Monday, January 14, 2013

When "Taking a Knee" Can Cost You A Football Game

One thing that many NFL coaches do that annoys me is taking a knee in a close game before the end of a half, and sometimes, it can cost you a football game. Perfect example this weekend in the playoffs, Baltimore ties up the game against Denver, and the Broncos get the ball back at their 20 yard line with 30 seconds left in regulation time. They have future Hall of Fame Quarterback Peyton Manning, who only needs to complete one or two passes to get into field goal range for a chance to win the game. Matt Praeter can hit from 60 yards in the thin Denver air. It's not guaranteed, but it's possible.

Do they try to win the game? No, the coach decides that his HoF QB should take a knee and take it to overtime, when there is no guarantee they'll win the coin toss or even get the ball back. Even with the new NFL overtime rules, remember last year when Denver won a playoff game against the Steelers with a Tim Tebow TD pass on the first play of OT. Shit happens. So why on earth is Peyton Manning taking a knee to get the game to overtime? Why not try to win the game? Does the coach not trust his HoF QB? The Broncos go to overtime, where they lose by a field goal, made possible by Manning throwing an interception. Maybe the coach was right not to trust his HoF QB, but they still lost the game.

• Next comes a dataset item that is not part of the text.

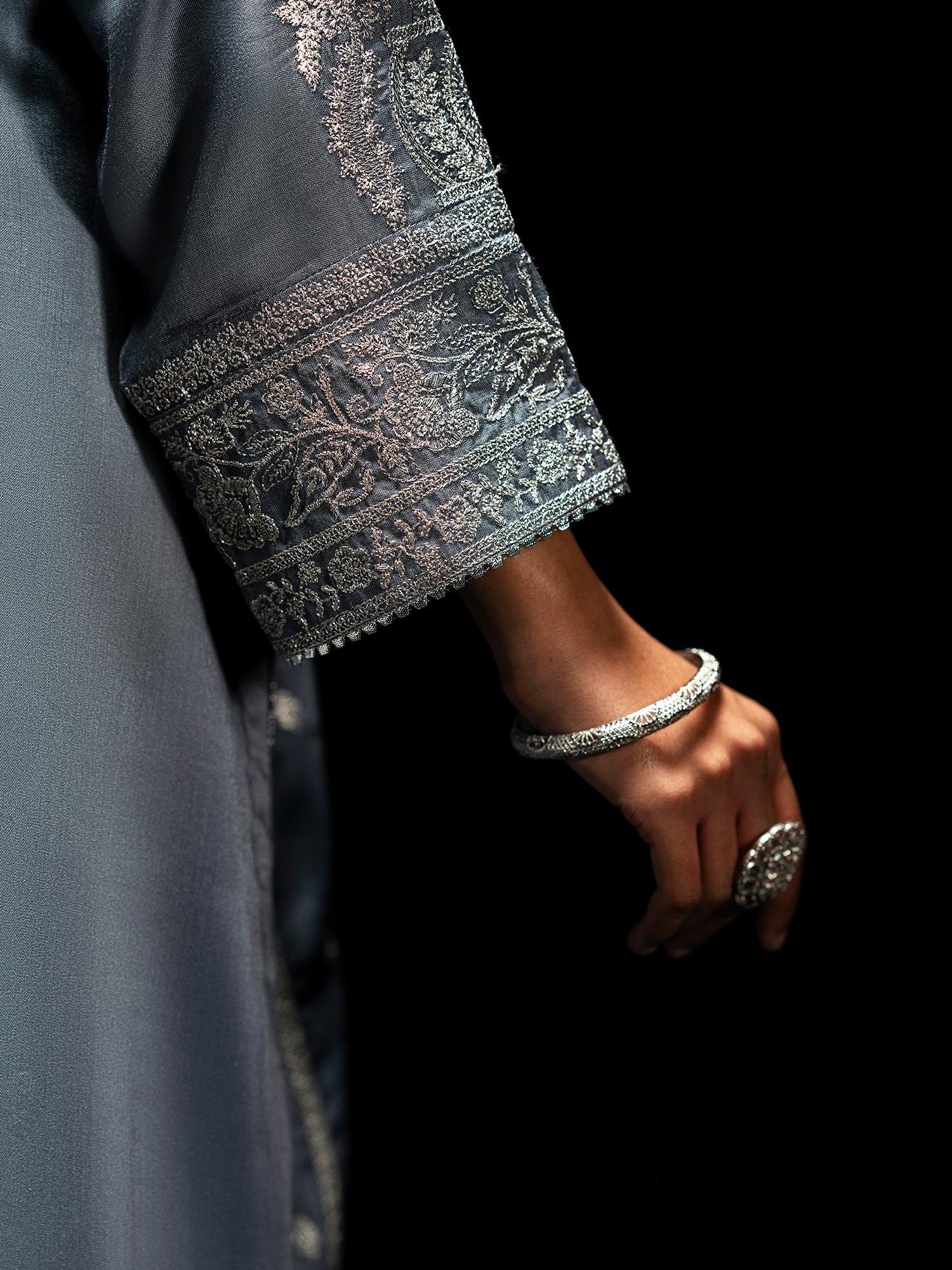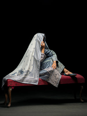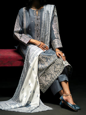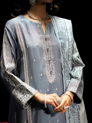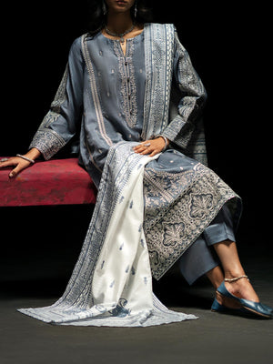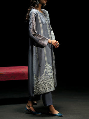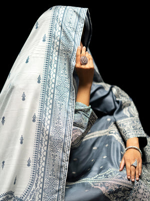 Casual Lite "Boutique" Embroidered Luxury Viscose Suit - Blue-Grey

The very next day, Seattle scored a TD to put them ahead by 1 with about 30 seconds left to play. Matt Ryan gets the ball back, completed two passes, Atlanta kicked a field goal, and won the game. Denver could have tried, and maybe they would have won. Instead, they lost. The wise philosopher Herm Edwards once said "HELLO, YOU PLAY TO WIN THE GAME!" True that. More coaches need to think like Herm. Sometimes you can play it too safe, and it costs you a game in the playoffs. Play to win coaches.